DESCRIPTION OF THE TASK: Give back an exact copy of the listing that follows, without the pictures.

::: DATASET EXTRACT :::

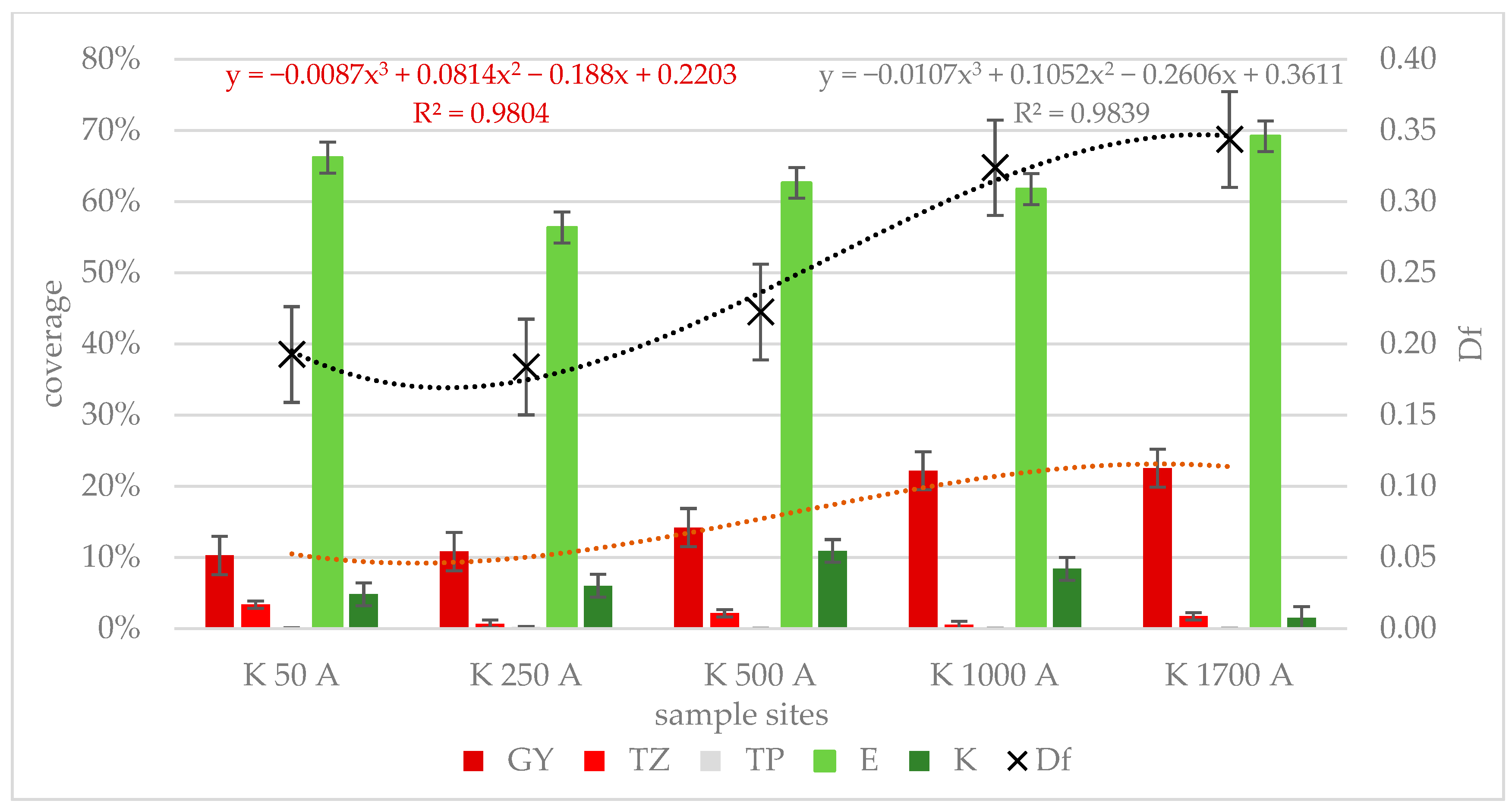 - Török, P.; Penksza, K.; Tóth, E.; Kelemen, A.; Sonkoly, J.; Tóthmérész, B. Vegetation Type and Grazing Intensity Jointly Shape Grazing Effects on Grassland Biodiversity. Ecol. Evol. 2018, 8, 10326–10335. [Google Scholar] [CrossRef]
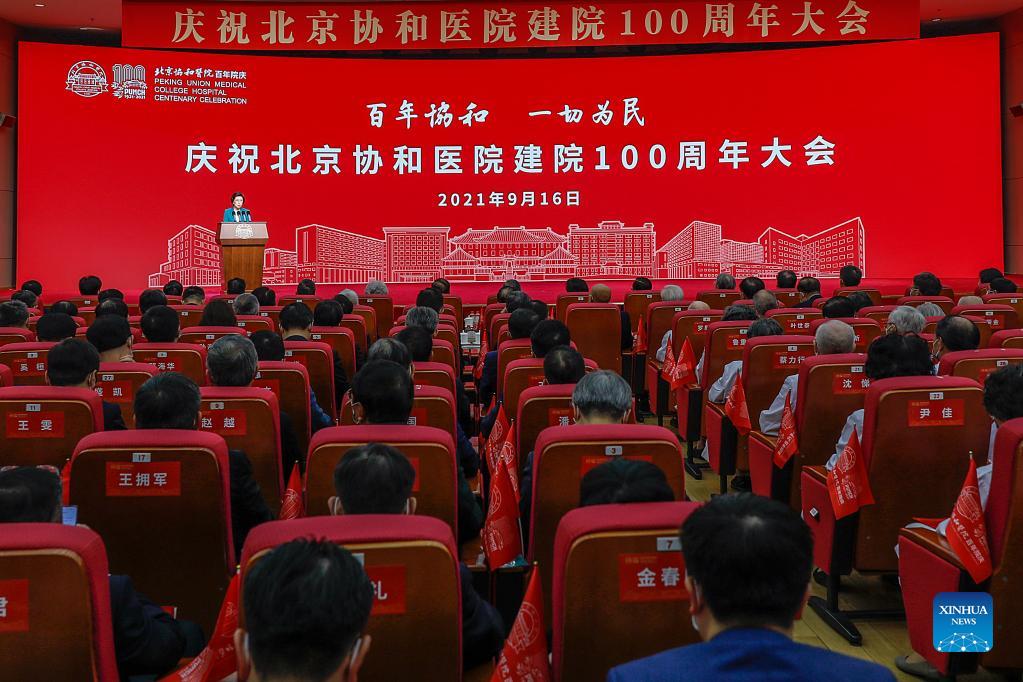 A celebration marking the 100th anniversary of the founding of Peking Union Medical College Hospital (PUMCH) is held in Beijing, capital of China, Sept. 16, 2021. (Xinhua/Zhang Yuwei)
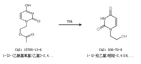 2.通过1-[2-(乙酰基氧基)乙基]-2,4(1H,3H)-嘧啶二酮合成1-(2-羟乙基)嘧啶-2,4(1H,3H)-酮,收率约75%;
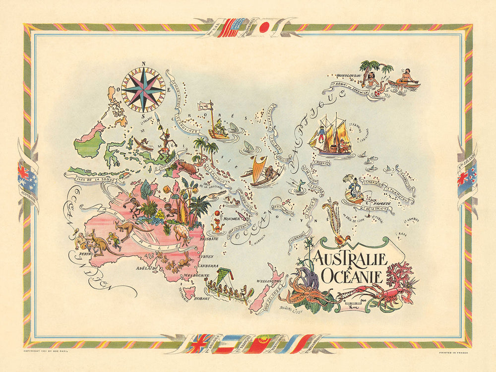 Alter bildlicher Karte von Australien & Ozeanien von Liozu, 1951: Neuseeland, Fidschi, Papua-Neuguinea, Hawaii, Pazifische Inseln

:::

SOLUTION FOR THIS PROBLEM:
 - Török, P.; Penksza, K.; Tóth, E.; Kelemen, A.; Sonkoly, J.; Tóthmérész, B. Vegetation Type and Grazing Intensity Jointly Shape Grazing Effects on Grassland Biodiversity. Ecol. Evol. 2018, 8, 10326–10335. [Google Scholar] [CrossRef]
 A celebration marking the 100th anniversary of the founding of Peking Union Medical College Hospital (PUMCH) is held in Beijing, capital of China, Sept. 16, 2021. (Xinhua/Zhang Yuwei)
 2.通过1-[2-(乙酰基氧基)乙基]-2,4(1H,3H)-嘧啶二酮合成1-(2-羟乙基)嘧啶-2,4(1H,3H)-酮,收率约75%;
 Alter bildlicher Karte von Australien & Ozeanien von Liozu, 1951: Neuseeland, Fidschi, Papua-Neuguinea, Hawaii, Pazifische Inseln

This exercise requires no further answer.